Off-the-Shelf CAR T-Cell Product CTX100 Promising in Relapsed/Refractory CD19+ B-Cell Malignancies


The investigational wholly-owned allogeneic chimeric antigen receptor T-cell therapy CTX110 demonstrated dose-dependent efficacy and responses in patients with relapsed/refractory CD19-positive B-cell malignancies.

Joseph McGuirk, DO

Joseph McGuirk, DO

The investigational wholly-owned allogeneic chimeric antigen receptor (CAR) T-cell therapy CTX110 demonstrated dose-dependent efficacy and responses in patients with relapsed/refractory CD19-positive B-cell malignancies, according to topline results from the phase 1 CARBON trial (NCT04035434).

Findings showed that at 3 months, the complete response (CR) rate was 50% out of the 4 patients enrolled at the dose level 3 cohort of the study. Both responders currently remain in CR.

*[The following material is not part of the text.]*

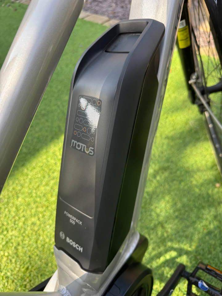 The Motus Grand Tour is fully equipped with extra features and quality components such as disk brakes for ultimate stopping performance, reflective ebike-specific tyres, a bell, wheel lock for added security, adjustable handlebar stem, suspension saddle and integrated lights. Plus derailleur gearing system. Immaculate only done 107.6 miles and garage stored. Collection from Chesterfield.
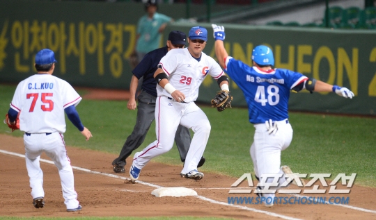 한국야구대표팀과 대만야구대표팀의 2014인천아시안게임 야구결승전이 28일 인천문학야구장에서 열렸다. 한국 1회초 무사 만루에서 나성범이 내야땅볼을 치고 1루에서 아웃되고 있다.

"From this early data read-out, CTX110 has shown dose-dependent efficacy and response rates that are comparable to the early autologous CAR-T trials,” study investigator Joseph McGuirk, DO, professor of medicine, division director of Hematologic Malignancies and Cellular Therapeutics at the University of Kansas Medical Center stated. “Furthermore, CTX110 had an acceptable safety profile, which could make CAR-Ts more widely accessible.”

CRISPR Therapeutics, the developer of the CAR T-cell product, stated that the trial continues to enroll patients.

In the open-label, multicenter study, investigators are evaluating the efficacy and safety of CTX110 in adult patients with relapsed/refractory non-Hodgkin lymphoma who have received at least 2 prior lines of therapy. As of the data cutoff date, which is September 28, 2020, 12 patients were enrolled and had been infused with the CTX110 therapy.

Patients are infused with CTX110 following 3 days of lymphodepletion using 30 mg/m2 of daily fludarabine and 500mg/m2 of daily cyclophosphamide. Dosages were differed across 4 cohorts: 30 x 106 (dose level 1; n = 3), 100 x 106 (dose level 2; n = 3), 300 x 106 (dose level 3; n = 4), and 600 x 106 (dose level 4; n = 1).

The primary end points are safety, which is measured by the incidence of dose-limiting toxicities (DLTs), and overall response rate. Key secondary end points include duration of response, progression-free survival, and overall survival.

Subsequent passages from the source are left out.